Banyaknya temuan-temuan dalam penggunaan campur kode dan alih kode dalam pembelajaran bahasa Jawa, baik dari wujud, faktor penyebab dan fungsi penggunaan, maka dapat dikatakan bahwa pembelajaran bahasa Jawa masih belum murni diajarkan secara penuh menggunakan bahasa Jawa. Bahkan sering ditemukan penggunaan bahasa Indonesia lebih dominan dibandingkan bahasa Jawa itu sendiri. Dengan demikian, hendaknya penggunaan campur kode maupun alih kode dalam pembelajaran bahasa Jawa di sekolah dasar sebaiknya digunakan lebih bijaksana. Pemanfaatan untuk mempermudah pembelajaran sebaiknya tidak terlalu dibesarkan, khususnya kepada para pendidik, agar siswa terbiasa

mendengar penggunaaan bahasa Jawa dengan baik sehingga akan lebih mudah bagi para siswa menggunakan bahasa Jawa dalam kehidupan sehari-hari.

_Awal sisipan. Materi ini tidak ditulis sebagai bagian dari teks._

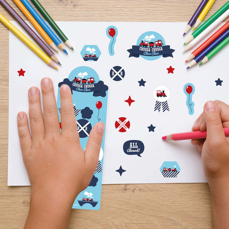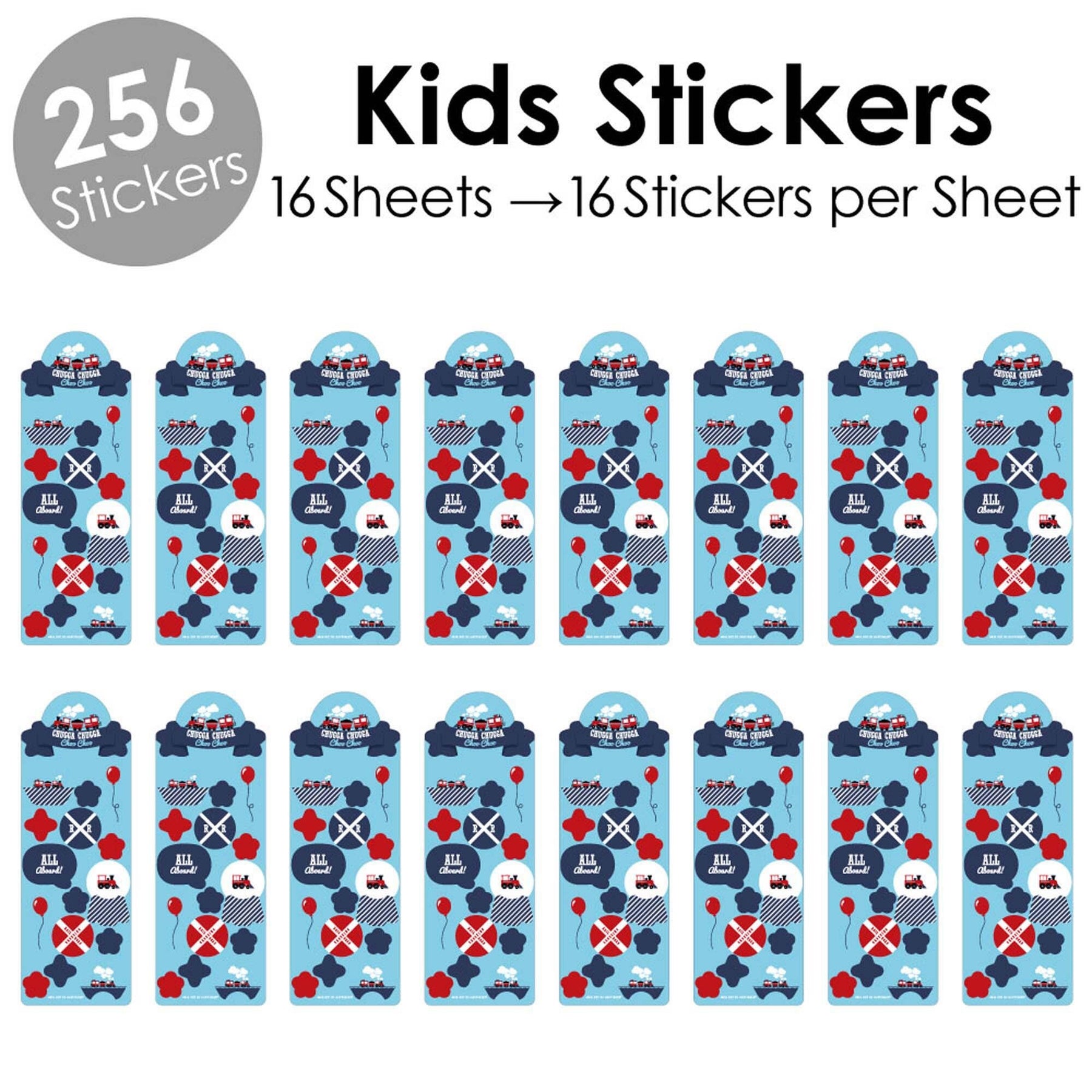 Railroad Party Crossing Kids Stickers include 16 matching sticker sheets with 16 easy-to-peel stickers that can be used many ways. Add sticker sheets to goodie bags as party favor at a Railroad Party Crossing - Steam Train birthday party or baby shower, use to decorate water bottles, classroom arts and crafts, sealing envelopes, and many other cool sticker ideas. Kids will have fun being creative with the many uses of fun Railroad Party Crossing Stickers.

Faktor-faktor sosial, budaya, pendidikan menjadi latar belakang terjadinya penggunaan campur kode dan alih kode di kalangan guru dan siswa. Siswa yang berasal dari kalangan keluarga modern lebih banyak menggunakan bahasa Indonesia sebagai bahasa sehari-hari mereka, sedangkan siswa yang asli dari lingkungan Jawa masih menggunakan bahasa Jawa namun tidak semua ragam mereka paham. Para siswa lebih terbiasa menggunakan ragam ngoko daripada ragam krama.

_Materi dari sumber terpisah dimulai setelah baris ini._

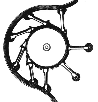 центр тяжести системы грузиков смещается кулисой. Древняя схема

Campur kode dan alih kode dalam dunia sosial budaya digunakan untuk memberikan makna yang lebih baik terkait dengan masyarakat yang mereka miliki, sehingga antara pemilik budaya yang satu dengan budaya yang lain dapat berkomunikasi tanpa adanya pembeda. Dapat pula dikatakan bahwa penggunaan campur kode dan alih kode mampu membuat siswa tidak hanya menggunakan bahasa ibu tetapi juga bahasa nasional sebagai bahasa pemersatu bangsa. Hal ini sama dengan penelitian yang dilakukan oleh Kim (2006) dalam penelitiannya yang berjudul “Reasons and Motivations for Code-Mixing and Code-Switching”. Kim (2006) melakukan penelitian mengenai alasan dan motivasi penggunaan campur kode dan alih kode. Penelitiannya menemukan banyak faktor penyebab dan motivasi yang bersifat positif dalam penggunaan campur kode dan alih kode, salah satunya sama dengan penelitian yang peneliti lakukan yaitu memperlancar komunikasi sehingga terwujud pembelajaran yang efektif.